Dana made it clear that she did not want to work on our relationship, and I could not live in the same city with her and not obsess over whether I could abide by that decision and how and when to leave her alone.

Moving was a way to give her space to figure out her own shit while I figured out mine, without the need to check in with her every damn minute to take an emotional temperature. I don’t know if it was ever in her plan, but I thought that with time and distance, things would look different, that we might ultimately find our paths back to each other after an enormous amount of therapy on our own, because what we had together was spectacular.

I couldn’t imagine a lifetime of it just being over. I held on to that hope for about six months, and then I began to grieve in earnest. During that time, directly after I moved, we talked a few times, and then never again. And even in our discussions, it was never about how we were really doing, just catching up like ladies who lunch. It wasn’t a bad thing, but it was an adjustment.

I remember thinking, “this is not the Dana that I know… and that’s the point.”

I think the feeling of the rubber meeting the road in six months is relatively quick. At the time it felt interminable, but it wasn’t. Just a small part of the process in taking her from my reality to my past. The ghost that lives in my house, because I don’t lock her away and don’t care that she’s here. In a lot of ways, it’s comforting, because the memories that come up for me are of laughter and not of strife. I choose to block the bad parts and focus on the good.

And does it matter that these are the feelings I have when I’m alone, closed off to being with anyone else, because I just don’t want it? I don’t see it? That I am incredibly happy with having friends and family who love me, and that being the extent of my support system?

I am not over the way I treated her, and though I have made progress, I am not forgiven. It feels like letting myself off the hook too quickly, because I don’t want a repeat of this pattern ever again.

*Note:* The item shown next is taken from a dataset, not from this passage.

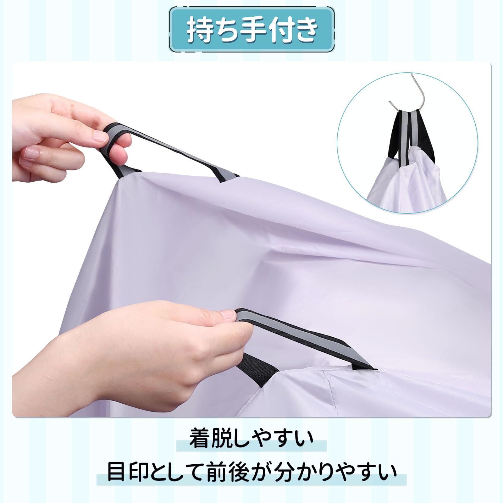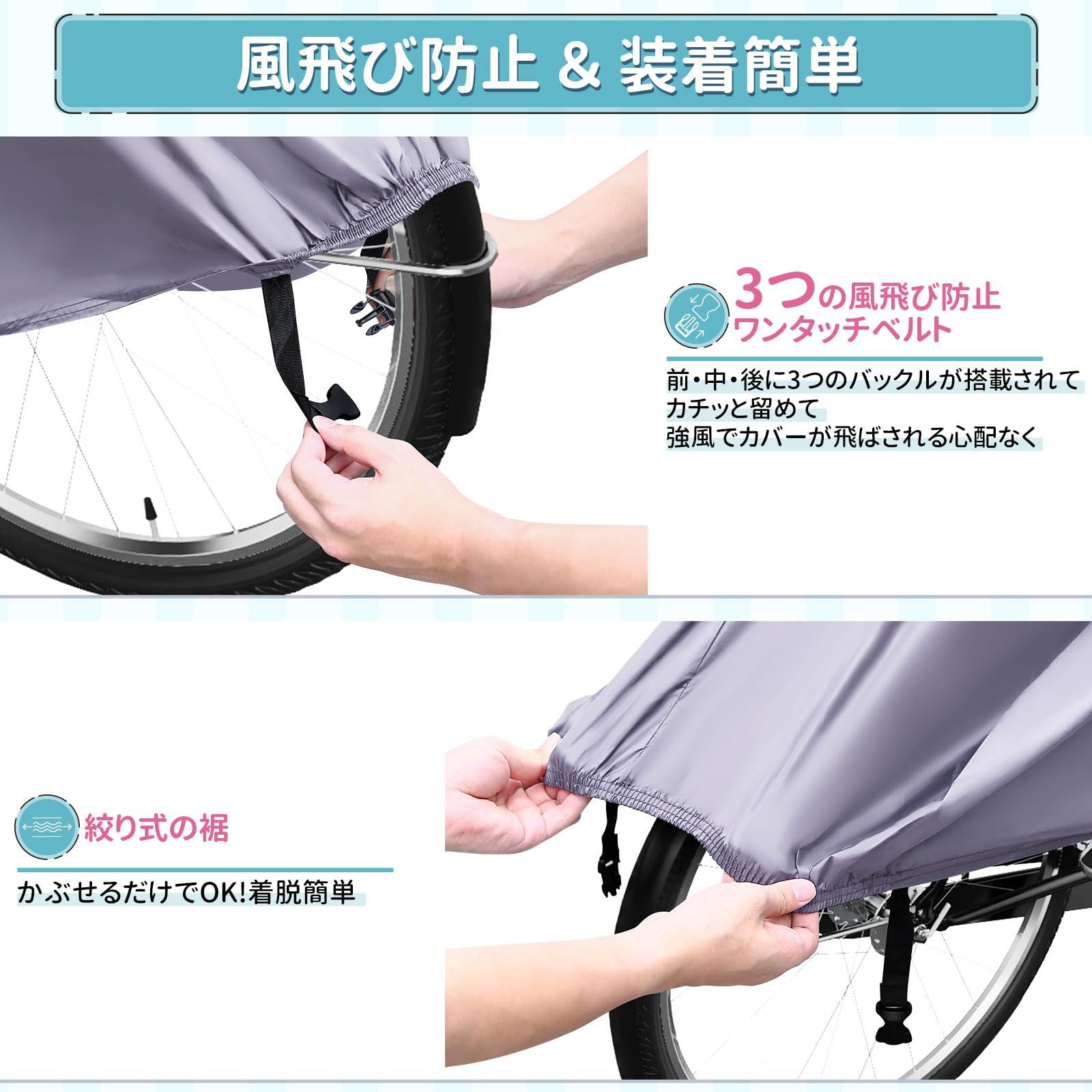 【防風×掛けやすい】前中後の3カ所に風飛び防止のワンタッチベルト付き、台風・強風でも飛ばされない!裾部分に絞りゴムが搭載されて、立体裁断なので、自転車にピッタリフィットできます。

Also, I’ve never lived my life without a ghost that played tapes in my head, and I have work to do where that is concerned, as well. I’ve never had a mind free of wandering off into the past, reliving conversations of happier times and wondering why things went wrong… and two of them weren’t even romantic relationships, unless you count the complete mindfuck that went along with them. Although the second is self-inflicted. It didn’t have to be complicated, and I made it so.

But there’s a new truth in my life that is here to stay. Dana and I shared some incredibly privileged information that I won’t be able to bring up with anyone else, and I mean this on the serious. No one can ever know, and not because it’s dirty or bad or wrong, it just is. So part of my willingness to work on our relationship, no matter how bad things got, was the reminder that if I lost her safe space, there was no replacement, and never would be.

In that one way, our lives are connected as permanently as our matching tattoos. When I left, I made a point of calling them our honing beacons, but I wouldn’t use it now. It’s just another thing that is.

We were smart enough to be aware of the fact that we could break up when we got them, so we choose something that was meaningful to both of us severally and jointly. It’s not like I have a huge back piece that says “I love Dana.”

But in my worst moments, sometimes it feels that way.

I’m also not stupid enough to believe that her friends won’t read this, so let me assure them that I have no intention of moving backwards, of reaching out, of doing anything to endanger the peaceful silence we have achieved. My stuff to work out is owned, and I have no need for closure.

It’s been too long, it hurts too much to envision those conversations, and the ponderings of my heart are not to be shared… and by that, I mean that I don’t care if she reads my blog. Maybe she does, maybe she doesn’t. I’ll never know or care. What I mean is that it’s not her job to care about what I think or even affect her life in any way. My thoughts, again, aren’t meant to be shared.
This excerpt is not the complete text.